**Instructions for the task:** Restate word for word the lines between the start of the material and the line with "Policías vestidos de", keeping both of those ends and none of the pictures.

**Information shown:**
————————

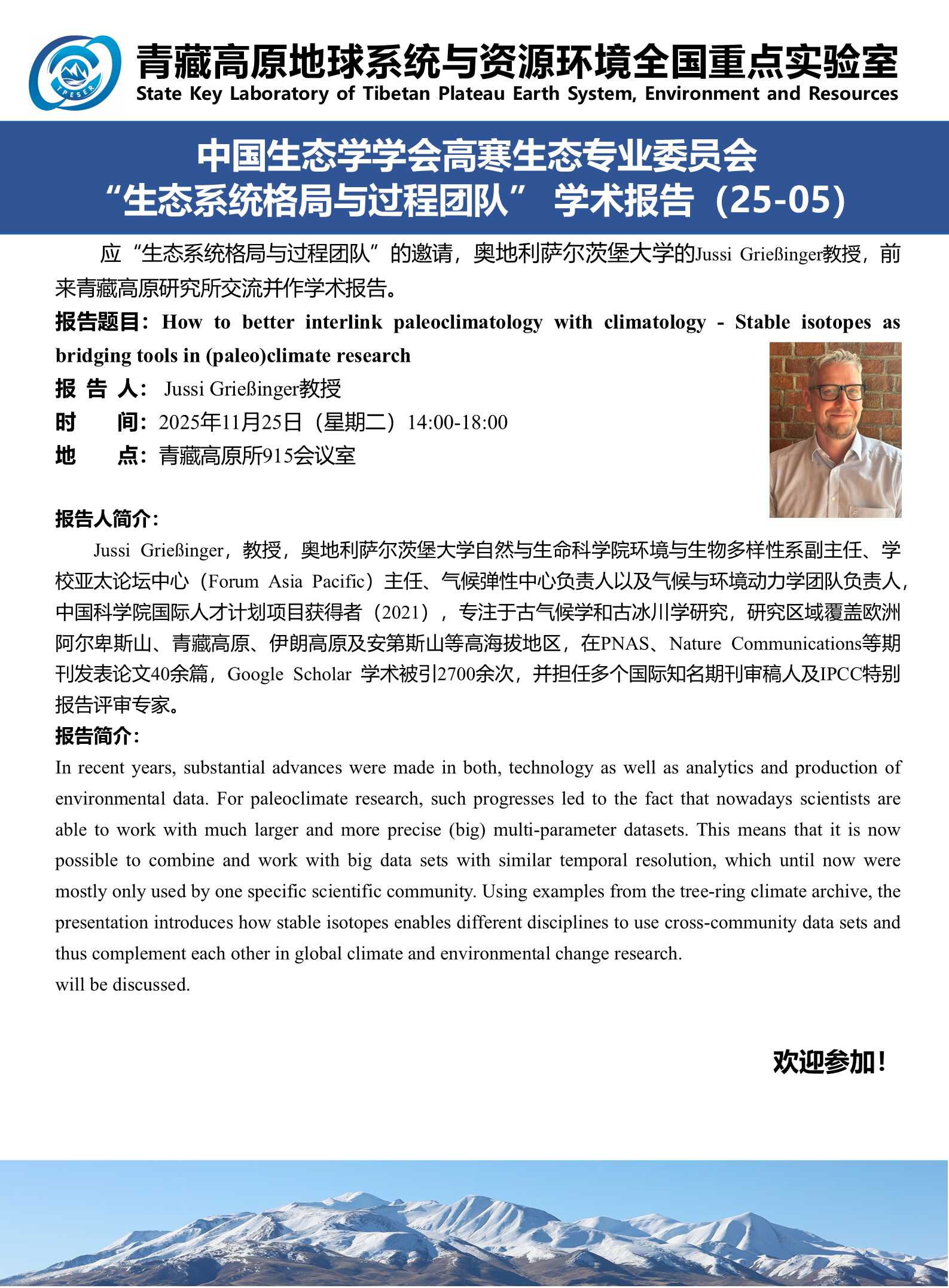 报告题目:How to better interlink paleoclimatology with climatology - Stable isotopes as bridging tools in (paleo)climate research
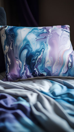 A serene arrangement of stylish decorative pillows on a soft bedspread highlights the cozy atmosphere of a modern bedroom, illuminated by natural light.
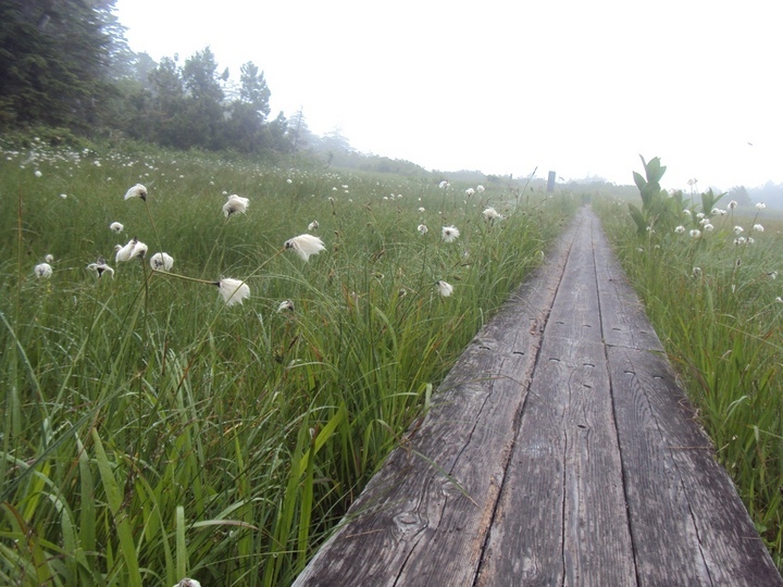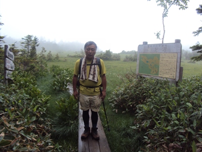 AM9:20。標高2000mの鬼怒沼湿原Bにやっと到着。 今日は本当に変わり易いお天気で、今にも降りそうな空模様ですが、それでもガスが少し取れてきました。
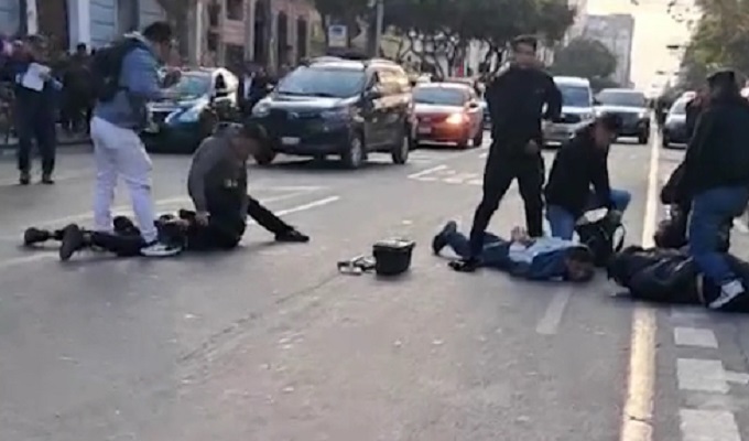 Policías vestidos de civil capturaron a presuntos delincuentes tras un tiroteo en el Centro de Lima.
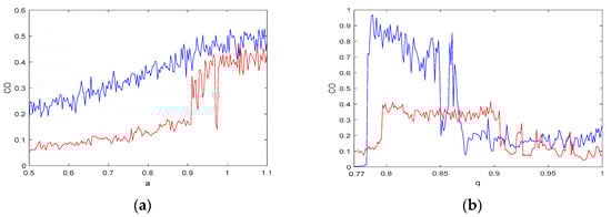 There are three variables in systems (5) and (6): , , and . For a simulation step size and , Figure 12 presents how the three variables affect the value of . When fixing , and varying the value of parameters and (where the coordinate variable denotes and , and ), the blue curve represents the of for system (5) and the red graph represents the of for system (6), as shown in Figure 12a. The two curves indicate that the value of rises as increases, and the complexity of the system (5) is greater than the complexity of the system (6), which is consistent with the results discussed in Section 3.2. Figure 12b shows the complexity as a function of , where and . As described in Section 2.3, there is chaotic behavior in both systems when . The complexity has high values in this region as shown in Figure 12b, which means that the algorithm can better reflect the degree of dynamic behavior and the complexity in fractional-order chaotic systems. Moreover, Figure 12b also shows that the complexity of system (5) is greater than that of system (6), which is consistent with the previous results.
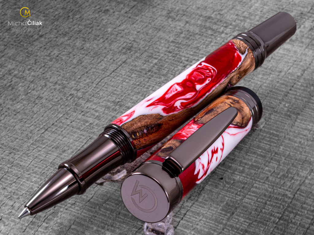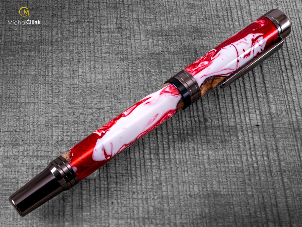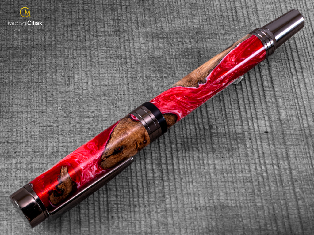 Ručně vyrobeno ze dřeva vinné révy a barvené pryskyřice. Proces výroby je poměrně složitý, je potřeba vysušených zdřevnatělých kmínků vinné révy, které se pak zalijí speciální čirou pryskyřicí dobarvenou perleťovými barvami. Po zalití je nutné z pryskyřice dostat bublinky. Nastupuje proces, kdy se pryskyřice se dřevem vloží do tlakové nádoby a pomocí tlaku 6 bar se bublinky pomalu vytlačují na povrch. Nechá se finálně zatvrdnout a pak se celý bloček, naformátuje na malé hranoly, ze kterých následně soustružím tato nádherná a zajímavá pera.

————————

**Exercise answer:**
 报告题目:How to better interlink paleoclimatology with climatology - Stable isotopes as bridging tools in (paleo)climate research
 A serene arrangement of stylish decorative pillows on a soft bedspread highlights the cozy atmosphere of a modern bedroom, illuminated by natural light.
 AM9:20。標高2000mの鬼怒沼湿原Bにやっと到着。 今日は本当に変わり易いお天気で、今にも降りそうな空模様ですが、それでもガスが少し取れてきました。
 Policías vestidos de civil capturaron a presuntos delincuentes tras un tiroteo en el Centro de Lima.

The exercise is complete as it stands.